The scale of the opioid abuse problem is huge. A report by the National Academies released in July 2017 says as of 2015, some 2 million Americans age 12 and older are addicted prescription opioid drugs, while 600,000 are addicted to heroin. Drug overdose, mainly by opioids, is now the leading cause of death from unintentional injury in the U.S. About 90 Americans die each day from opioid overdoses, and since 2011, the number of overdose deaths tripled from illicit opioids, such as heroin and fentanyl, a synthetic opioid.

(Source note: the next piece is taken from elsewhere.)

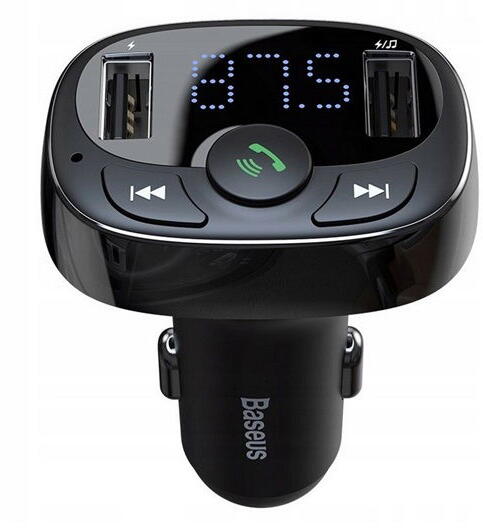 BASEUS bluetooth FM transmitter autós töltő 2 USB+microSD aljzat (12W, gyorstöltő) FEKETE Fekete, Baseus

The new report, prepared by 2 analysts employed by BIO, finds pharmaceutical and biotechnology companies have 220 new drugs for pain in their pipelines, with 125 of those treatments in clinical trials. The vast majority of these new therapies (87%) target non-opioid receptors to relieve pain, indicating they use different mechanisms from opioid drugs. By comparison, pharma and biotech companies have more than 2,600 new cancer therapies in development, of which 1,700 are in clinical trials.

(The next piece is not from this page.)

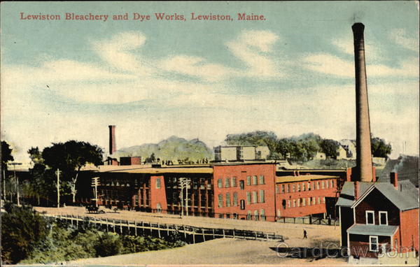 Front: Lewiston Bleachery and Dye Works, Lewiston, Maine. ENDY BECHAS #6 00 Back: 14031-PUB. BY W. M. PRILAY, PITTSFIELD, ME. they do a big Business here they Implany good many in the dype warkun Yours Truly, مند ope Ba ав Domestic and Two Cente

Over the past 10 years, says the report, the industry mounted 142 clinical trials for pain drugs formulated to deter abuse, with 12 of those compounds later approved by FDA. Yet, during this same period, FDA approved only 2 drugs that use new biochemical mechanisms for pain. One reason for this low number of FDA approvals is the low success rate for new pain drugs in clinical trials. The report says only 2 percent of new chemical mechanisms for pain make it past early-stage clinical trials to FDA approval, compared to about 10 percent for the industry overall.
The outlook for drugs to treat addiction is even less promising, according to the report. For all types of substance abuse and addiction — alcohol, tobacco, opioids, and other stimulants — only 15 treatments are in pharma and biotech company pipelines beyond preclinical stages, with 5 of those 15 new therapies for alcohol abuse or smoking cessation.
The authors point to a lack of meaningful investment in pain and addiction drugs, particularly from venture capital companies, as part of the problem. From 2007 to 2016, companies with lead drug development programs of any kind dealing with pain received $1.5 billion in venture financing, with $576 million going specifically for new mechanisms to treat pain. In comparison, companies making drugs for cancer with new treatment mechanisms received $10.3 billion over this 10-year period.
For new addiction drugs, the report says, “Venture investment into U.S. companies with lead products in addiction has been virtually nonexistent over the past 10 years.” The authors could find only $16 million over the past 10 years invested in 2 companies with lead products treating addiction, and their products were for alcohol, not drug abuse.
The report notes that new incentives for development of pain and addiction drugs may be needed. The authors cite data that show even with a large potential market, more than 90 percent of current drugs prescribed for pain have a generic option. These and other challenges create uncertainties for investors, even for financing highly innovative drugs.